Items from a dataset:
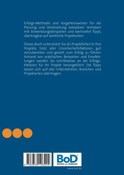 Erfolgs-Methodik und Vorgehensweisen für die Planung und Vorbereitung komplexer Vorhaben mit Anwendungsbeispielen und wertvollen Tipps, übertragbar auf sämtliche Projektarten.Dieses Buch unterstützt Sie als Projektleiter/in Ihre Projekte, trotz aller Unsicherheitsfaktoren, gut vorzubereiten und gezielt zum Erfolg zu führen. Anhand von praktischen Beispielen und Empfehlungen werden Sie schrittweise an die Erfolgsfaktoren für Ihr Projekt herangeführt. Die Tipps lassen sich auf alle Unternehmen, Branchen und Projektarten übertragen.
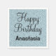 Menina personalizada e guardanapo Feliz de Aniversário com um fundo azul-claro de brilho cintilante e elegante escrevendo preto. Você pode adicionar facilmente o nome de sua escolha e alterar a cor e a fonte do nome usando a opção personalizar!
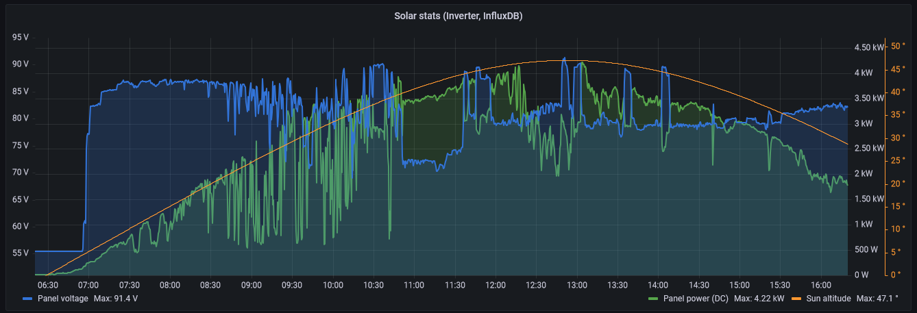 Přidávám graf jak dneska mráčky "pulzují" s MPPT. V jednu chvíli mi okolo 14h. šlo z baterie 110A špičkově
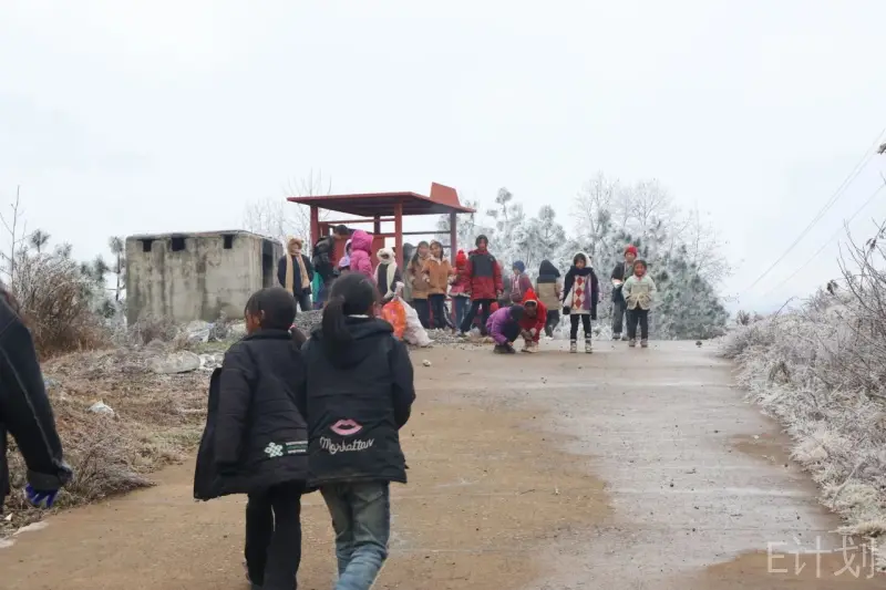 几个小朋友结伴走在结冰的村道上,兜里揣着几个大土豆。他们正要前往儿童之家,在那里与志愿者老师和其它小伙伴见面。
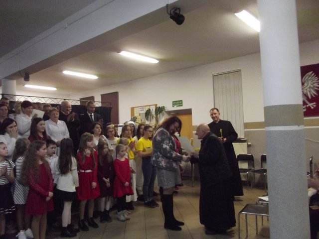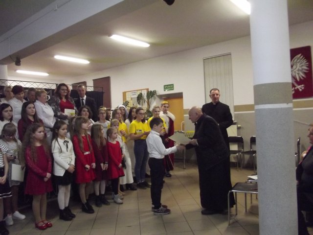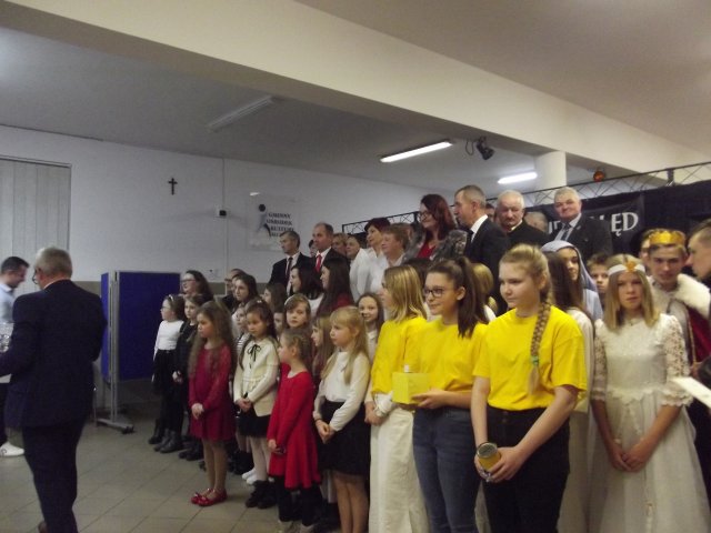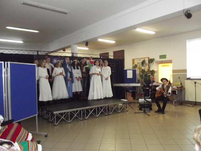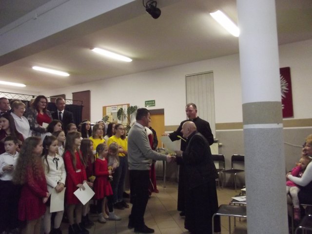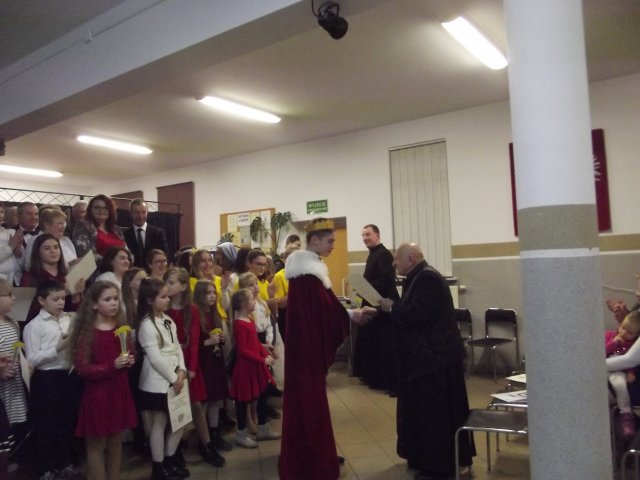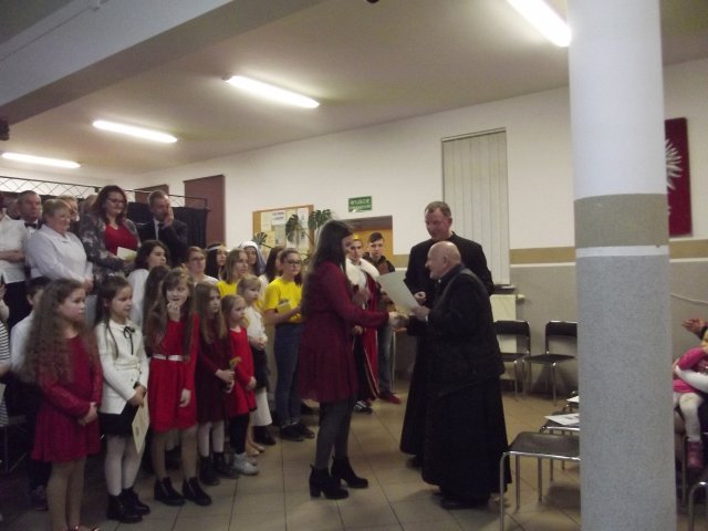 Na scenie obejrzeliśmy jasełka w wykonaniu wolontariuszy ze Szkoły Podstawowej w Klukowie, którzy od kilku dni odwiedzali z gwiazdą domy w Klukowie i Sobolewie wystawiając jasełka i prowadząc zbiórkę funduszy na pomoc dla dzieci z chorobami nowotworowymi przebywającymi w białostockim hospicjum dziecięcym. Dzięki ich staraniom Fundacja „Pomóż im” wzbogaciła się o 3780,50 zł. z kolędowania po domach oraz 602 zł. ze zbiórki w trakcie Prezentacji. Wielki szacunek dla Koła Wolontariatu!
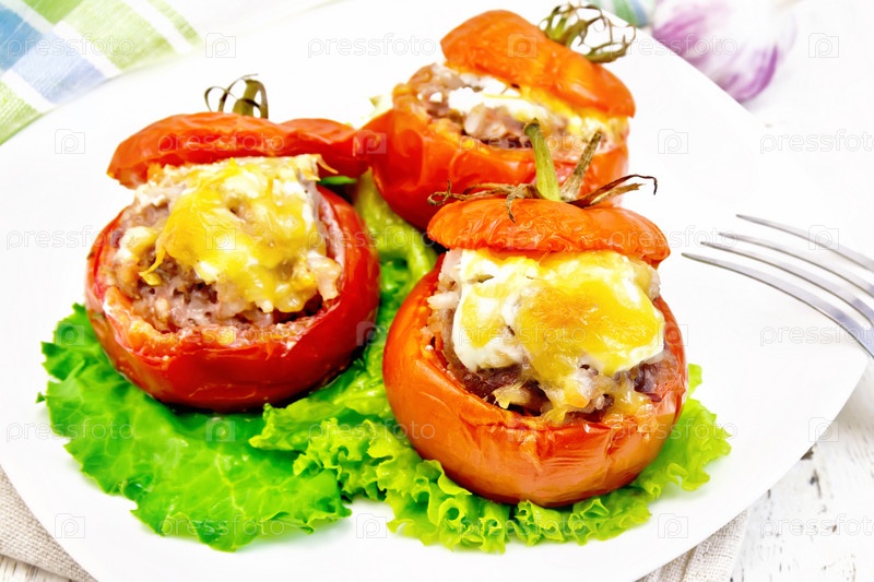Помидоры фаршированные мясом и рисом с салатом в тарелке на доске

Exercise details:
Beginning with the line that contains "几个小朋友结伴走在结冰的村道" and ending with the last line of the entries above, repeat each line exactly, but not the pictures.

Answer to this task:
 几个小朋友结伴走在结冰的村道上,兜里揣着几个大土豆。他们正要前往儿童之家,在那里与志愿者老师和其它小伙伴见面。
 Na scenie obejrzeliśmy jasełka w wykonaniu wolontariuszy ze Szkoły Podstawowej w Klukowie, którzy od kilku dni odwiedzali z gwiazdą domy w Klukowie i Sobolewie wystawiając jasełka i prowadząc zbiórkę funduszy na pomoc dla dzieci z chorobami nowotworowymi przebywającymi w białostockim hospicjum dziecięcym. Dzięki ich staraniom Fundacja „Pomóż im” wzbogaciła się o 3780,50 zł. z kolędowania po domach oraz 602 zł. ze zbiórki w trakcie Prezentacji. Wielki szacunek dla Koła Wolontariatu!
Помидоры фаршированные мясом и рисом с салатом в тарелке на доске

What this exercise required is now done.